Smooth Operator

Some people compare those who shave their pussies (or cocks) to pedophiles. They say it’s an effort to look like a kid, and to sexualize that. Here’s what I don’t get-

Every time you see an adult with a shaved crotch, *you* think of little kids’ private parts. How exactly does that make *me* a pedophile? I’m perfectly capable of looking at a naked adult and seeing a naked adult. If you’re not able to do that, then it seems you’re the one with the problem.

People shave lots of other body parts- legs, face, head, armpits, etc. So why don’t you think of kids when you see that? Why do you only think of kids when there are genitals involved? Who’s the pedophile here?

Self-Control

Online, lots of guys talk about how they need to be put in chastity because they can’t control themselves. They see themselves as too weak to maintain control of their masturbatory habits. So, of course, a cock cage is the solution.

How does this make any sense at all?

If you have no self-control, that’s a problem. If your wanking is getting to the point where it interferes with your life, you need more help than just a chastity device. If you’re genuinely addicted (to anything) then get help. It’s out there.

Besides, one of the hot parts of bdsm is giving control to someone else. If you don’t have that control in the first place, how can you give it to the other person? What kind of domme would want to be with someone who’s too weak to control his own life, someone who doesn’t have his affairs in order?

If you’re talking with other bdsmers, and you’re into t&d, just be honest about it. There’s no need to make up some story or absurd reason why you “need” to be locked up. If you’re into it, that’s reason enough. If this type of play does something for you, do it.

Yes, I’m Still Alive

As far as I know, anyway.

Haven’t been around much lately. The past six weeks, I’ve been seeing someone, but we just split a few days ago. We were both hoping it’d work out, but it didn’t.

Still looking for a job closer to the city, but the job market sucks right now.

Sheeple

I’m all for learning lessons from the past. If I (or others) can benefit from someone else’s experience and mistakes, that’s definitely a good thing. But I fail to see the sense in clinging to tradition. Why should I structure my relationships a certain way or restrict myself in some way just because others have done it in the past? How exactly does this benefit anyone?
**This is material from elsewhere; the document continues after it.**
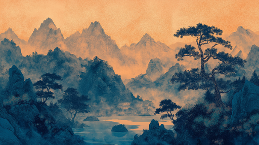 Ver todos los detallesPapel pintado paisaje oriental | Montañas majestuosas y cascadas bajo un cielo ardiente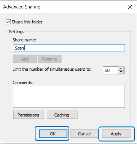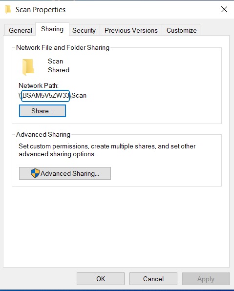 • Host Address: Computer Name (Can refer below screenshot from Folder Sharing Path before \scan where sharing file path will be shown)

I see no sense in playing follow-the-leader, especially when the “leaders” aren’t living their relationships in a way that I’d like to.

That’s not to say that there’s nothing of value to be learned from others’ experiences. There is. Still, learning from what they’ve done is a lot different than trying to mimic their attitudes, beliefs, ways, and values. You can learn from the past without getting rid of your individuality. But when you try to replicate others’ experiences and adopt their beliefs rather than doing things your own way, you do so at the expense of your own identity.

I (and many others) broke away from the “normal” or vanilla way of doing things in order to be involved with bdsm. I decided that I have no reason to be restricted by their arbitrary rules. So why should I adopt another set of rules that I don’t agree with? Isn’t that just trading one inconvenience for another? I’d much rather be true to who I am without having to worry about whether I’m acting and thinking in a way that will be approved of by the bdsm tribunal.

The founders of the bdsm community should be lauded for what they’ve done in building an in-the-flesh community of individuals with similar interests. Commended, but not revered as deities. Yes, they accomplished something great. But we don’t need to parrot their actions and attitudes. We can keep the foundations of the community they started without sacrificing ourselves in the process.

The demographics of the community were different then. At first, it was all gay veteran bikers. Now, the scene is made up of various sexualities and genders with a wide range of interests and styles. Lots of hetero and bi people saw the gay leather community and wanted one for themselves, so they started with that framework that the leathermen had built and tweaked it to fit them. The two communities are still very different, so it’s absurd to think that we should all adhere to the old guard way of doing things.